*** Records provided

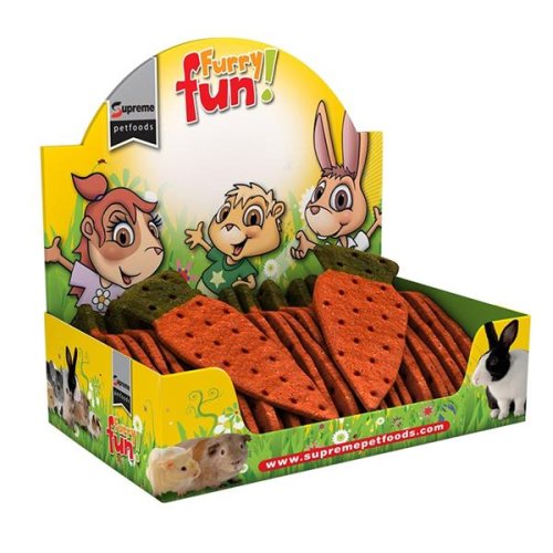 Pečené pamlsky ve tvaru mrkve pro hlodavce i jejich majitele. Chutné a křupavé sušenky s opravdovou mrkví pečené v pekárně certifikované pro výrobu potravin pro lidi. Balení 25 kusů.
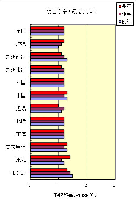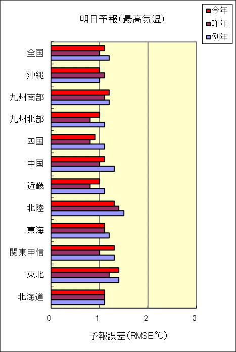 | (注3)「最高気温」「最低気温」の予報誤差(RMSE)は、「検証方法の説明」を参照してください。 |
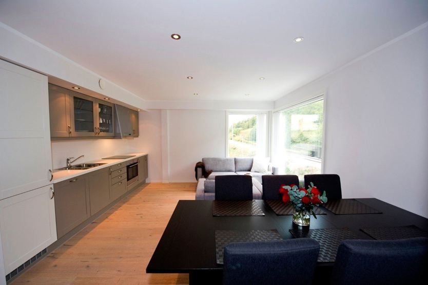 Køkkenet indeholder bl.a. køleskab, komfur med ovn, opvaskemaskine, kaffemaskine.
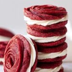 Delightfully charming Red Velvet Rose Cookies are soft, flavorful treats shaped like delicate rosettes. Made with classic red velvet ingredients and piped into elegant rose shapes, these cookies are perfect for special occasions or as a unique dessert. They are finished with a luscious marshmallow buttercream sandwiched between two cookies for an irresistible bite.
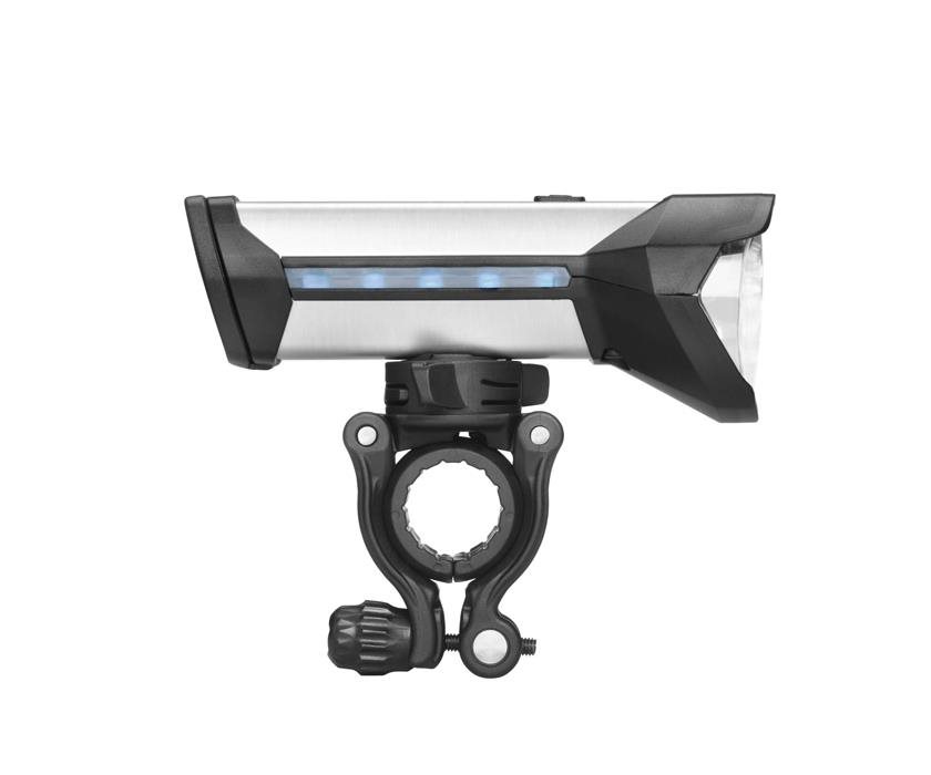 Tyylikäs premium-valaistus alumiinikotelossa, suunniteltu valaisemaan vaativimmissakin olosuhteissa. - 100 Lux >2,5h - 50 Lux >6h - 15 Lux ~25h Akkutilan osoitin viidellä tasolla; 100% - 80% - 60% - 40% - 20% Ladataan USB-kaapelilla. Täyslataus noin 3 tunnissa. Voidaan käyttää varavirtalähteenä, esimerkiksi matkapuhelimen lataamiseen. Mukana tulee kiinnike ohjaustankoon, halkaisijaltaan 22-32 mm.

******
*** Records provided

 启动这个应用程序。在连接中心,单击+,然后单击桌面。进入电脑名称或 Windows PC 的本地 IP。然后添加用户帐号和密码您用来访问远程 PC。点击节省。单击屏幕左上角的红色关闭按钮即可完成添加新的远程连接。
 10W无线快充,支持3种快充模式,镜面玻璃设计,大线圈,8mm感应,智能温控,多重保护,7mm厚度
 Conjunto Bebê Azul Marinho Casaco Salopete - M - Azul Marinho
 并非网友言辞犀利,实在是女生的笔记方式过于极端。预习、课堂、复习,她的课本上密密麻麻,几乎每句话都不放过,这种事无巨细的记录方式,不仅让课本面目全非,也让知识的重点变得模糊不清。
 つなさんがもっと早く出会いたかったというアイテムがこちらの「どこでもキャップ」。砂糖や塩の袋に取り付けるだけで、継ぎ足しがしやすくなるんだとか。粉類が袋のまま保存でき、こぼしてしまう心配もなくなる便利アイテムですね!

******

▶ _Task brief_
Starting with the line above that holds "Pečené pamlsky ve", restate each line word for word up to and including the line that holds "Delightfully charming Red". Drop the pictures.

▶ _Answer section_
 Pečené pamlsky ve tvaru mrkve pro hlodavce i jejich majitele. Chutné a křupavé sušenky s opravdovou mrkví pečené v pekárně certifikované pro výrobu potravin pro lidi. Balení 25 kusů.
 | (注3)「最高気温」「最低気温」の予報誤差(RMSE)は、「検証方法の説明」を参照してください。 |
 Køkkenet indeholder bl.a. køleskab, komfur med ovn, opvaskemaskine, kaffemaskine.
 Delightfully charming Red Velvet Rose Cookies are soft, flavorful treats shaped like delicate rosettes. Made with classic red velvet ingredients and piped into elegant rose shapes, these cookies are perfect for special occasions or as a unique dessert. They are finished with a luscious marshmallow buttercream sandwiched between two cookies for an irresistible bite.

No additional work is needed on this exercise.